Homemade bagels: You'd think making the holes would be easy

Have you ever eaten a homemade bagel? I hadn't, nor had I even seen one.

This revelation set me to wondering why. Is there some deep, dark secret, known only to commercial bakers, that makes baking a bagel in your own kitchen an impossibility or utterly foolish?

Not at all, Dona Meilach reassured me. Ms. Meilach has written a compact paperback with the encouraging title, "The Best Bagels Are Made at Home" ($8.95), part of Bristol Publishing's Nitty Gritty cookbook series.

"Lots of people make bagels in their homes - you just haven't come across them," she explained. "Some live in the boonies, some don't want the preservatives that keep bagels fresh, and some just like to make bread."

I sometimes fall into the latter category, so I decided to give bagels a shot.
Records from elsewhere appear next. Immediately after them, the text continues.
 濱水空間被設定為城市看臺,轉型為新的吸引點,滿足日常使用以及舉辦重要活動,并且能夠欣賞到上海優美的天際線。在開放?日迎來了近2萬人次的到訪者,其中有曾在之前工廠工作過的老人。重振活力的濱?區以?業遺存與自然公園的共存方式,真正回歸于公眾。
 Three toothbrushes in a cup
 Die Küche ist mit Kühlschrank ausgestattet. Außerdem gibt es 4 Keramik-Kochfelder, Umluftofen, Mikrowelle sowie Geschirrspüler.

Before beginning, though, I needed to know the downside.

Basically, it's that commercial bakers have a couple things going for them that the home baker doesn't - namely high-temperature ovens that can steam-prep the dough and machines that extrude it in those wonderfully round shapes.
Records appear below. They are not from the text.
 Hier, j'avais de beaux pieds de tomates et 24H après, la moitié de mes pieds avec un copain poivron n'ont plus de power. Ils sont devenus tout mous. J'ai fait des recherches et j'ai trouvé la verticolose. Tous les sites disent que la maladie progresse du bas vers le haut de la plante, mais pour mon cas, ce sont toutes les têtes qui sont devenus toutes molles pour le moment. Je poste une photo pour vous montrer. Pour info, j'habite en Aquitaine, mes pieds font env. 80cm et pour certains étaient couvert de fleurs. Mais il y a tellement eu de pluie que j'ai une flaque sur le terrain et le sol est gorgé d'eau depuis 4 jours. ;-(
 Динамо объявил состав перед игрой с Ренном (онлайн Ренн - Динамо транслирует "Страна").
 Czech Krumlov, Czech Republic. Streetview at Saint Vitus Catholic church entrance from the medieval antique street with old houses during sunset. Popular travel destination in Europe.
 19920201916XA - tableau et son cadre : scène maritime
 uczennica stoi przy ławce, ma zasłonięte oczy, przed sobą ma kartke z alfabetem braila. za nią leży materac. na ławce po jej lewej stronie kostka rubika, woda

The homemade bagel, I learned, isn't likely to be mistaken for what the pros make, but surely it can taste as good.

So armed with "Best Bagels" and Marilyn Bagel's "The Bagel Bible" (Globe Pequot, $10.95), two excellent sources, I ventured into uncharted waters.

Both books call for using barley malt syrup, a natural sweetener that looks and smells a lot like molasses, but is quite a bit more expensive. The small jar I purchased in a health-food store cost $4.99.

Another recommended ingredient is bread flour, which contains more gluten than its all-purpose brethren and thus is more elastic, making for chewier bagels - and possibly a bigger mess.

After mixing all the ingredients in a bowl, I dumped the amorphous, gooey mass onto a floured bread board. From previous breadmaking experience I knew that kneading could be a frustratingly sticky step, and it proved to be doubly so this time.

Maybe this partly explains why "Best Bagels" highlights the words "Perfect for the bread machine" on its cover.

If you'll be kneading by hand, you probably should take the phone off the hook. Sticky hands and incoming phone calls don't mix, I discovered.

Ultimately - with aid from my son, who helped extricate me from the ooze - I got the dough into workable condition.

The next tricky step was forming the individual bagels.

There are different ways to do this. First we tried sticking a spoon handle through the dough and whirling it around.

Next we rolled the dough and pinched the ends together.

Neither produced anything near picture-perfect bagels, but home bakers can't be too choosy.

Finally, the bagels were covered and left to rise about half an hour before being dropped, two at a time, into a pot of boiling water that was flavored with more malt syrup.

This was the unfamiliar "chemistry lab" step, the one unique to bagelmaking, which essentially precooks the raw dough into its lovably plump shape.

After bobbing in the boiling water for four minutes, my bagels grew into soggy, almost unmanageably large blobs. Plucked out with a slotted spoon, they drained and then were gently placed on a baking sheet and dusted with cornmeal.

Some of the blobs, however, broke apart in the pot and sank like hulking shipwrecks.

As this process continued, the froth became so thick that it shielded even the bobbing bagels from view. Things were careening out of control, and I was only too pleased to throw the first batch in the oven, which struggled to reach 450 degrees.

Even then, the egg-and-milk glaze brushed on top browned before the bagels were fully baked. Rather than let them bake and burn, I pulled them from the oven, some still in a gooey state.

But guess what? Within minutes my wife and son were slathering cream cheese onto these still-warm oddities - and enjoying them.

As for me, I nibbled enough to know they were better than they looked. But frankly, the cleanup operation took about another hour, during which time my bagel appetite subsided.

Would I do it again? Maybe, but not until reading Dona Meilach's troubleshooting tips very carefully.